» **EXERCISE GOAL**
Output only the lines from the start of the entries through the line holding "Uhr (h = 88,4°) |". Each line must match the original exactly.

=== RECORDS FOR THE TASK ===

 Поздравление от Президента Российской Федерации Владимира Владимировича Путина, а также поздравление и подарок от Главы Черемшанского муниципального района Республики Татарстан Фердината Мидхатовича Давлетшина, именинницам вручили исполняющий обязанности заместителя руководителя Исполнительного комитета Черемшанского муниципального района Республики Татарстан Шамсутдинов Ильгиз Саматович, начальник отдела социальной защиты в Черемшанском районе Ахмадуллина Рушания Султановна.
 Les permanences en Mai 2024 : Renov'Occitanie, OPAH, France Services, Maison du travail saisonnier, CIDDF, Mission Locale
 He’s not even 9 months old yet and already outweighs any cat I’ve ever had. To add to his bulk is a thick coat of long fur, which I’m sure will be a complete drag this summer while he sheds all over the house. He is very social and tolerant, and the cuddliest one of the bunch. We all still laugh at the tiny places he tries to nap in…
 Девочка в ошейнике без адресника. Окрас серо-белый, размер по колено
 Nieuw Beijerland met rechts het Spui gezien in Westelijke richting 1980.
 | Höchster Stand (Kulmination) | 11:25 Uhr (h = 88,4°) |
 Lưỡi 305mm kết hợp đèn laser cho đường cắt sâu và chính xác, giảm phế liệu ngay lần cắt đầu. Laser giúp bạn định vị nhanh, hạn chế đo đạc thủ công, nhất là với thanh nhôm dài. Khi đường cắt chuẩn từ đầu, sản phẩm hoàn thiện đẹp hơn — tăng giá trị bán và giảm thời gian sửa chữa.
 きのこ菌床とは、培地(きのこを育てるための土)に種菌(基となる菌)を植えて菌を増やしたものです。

===

» **SOLVED PROBLEM**
 Поздравление от Президента Российской Федерации Владимира Владимировича Путина, а также поздравление и подарок от Главы Черемшанского муниципального района Республики Татарстан Фердината Мидхатовича Давлетшина, именинницам вручили исполняющий обязанности заместителя руководителя Исполнительного комитета Черемшанского муниципального района Республики Татарстан Шамсутдинов Ильгиз Саматович, начальник отдела социальной защиты в Черемшанском районе Ахмадуллина Рушания Султановна.
 Les permanences en Mai 2024 : Renov'Occitanie, OPAH, France Services, Maison du travail saisonnier, CIDDF, Mission Locale
 He’s not even 9 months old yet and already outweighs any cat I’ve ever had. To add to his bulk is a thick coat of long fur, which I’m sure will be a complete drag this summer while he sheds all over the house. He is very social and tolerant, and the cuddliest one of the bunch. We all still laugh at the tiny places he tries to nap in…
 Девочка в ошейнике без адресника. Окрас серо-белый, размер по колено
 Nieuw Beijerland met rechts het Spui gezien in Westelijke richting 1980.
 | Höchster Stand (Kulmination) | 11:25 Uhr (h = 88,4°) |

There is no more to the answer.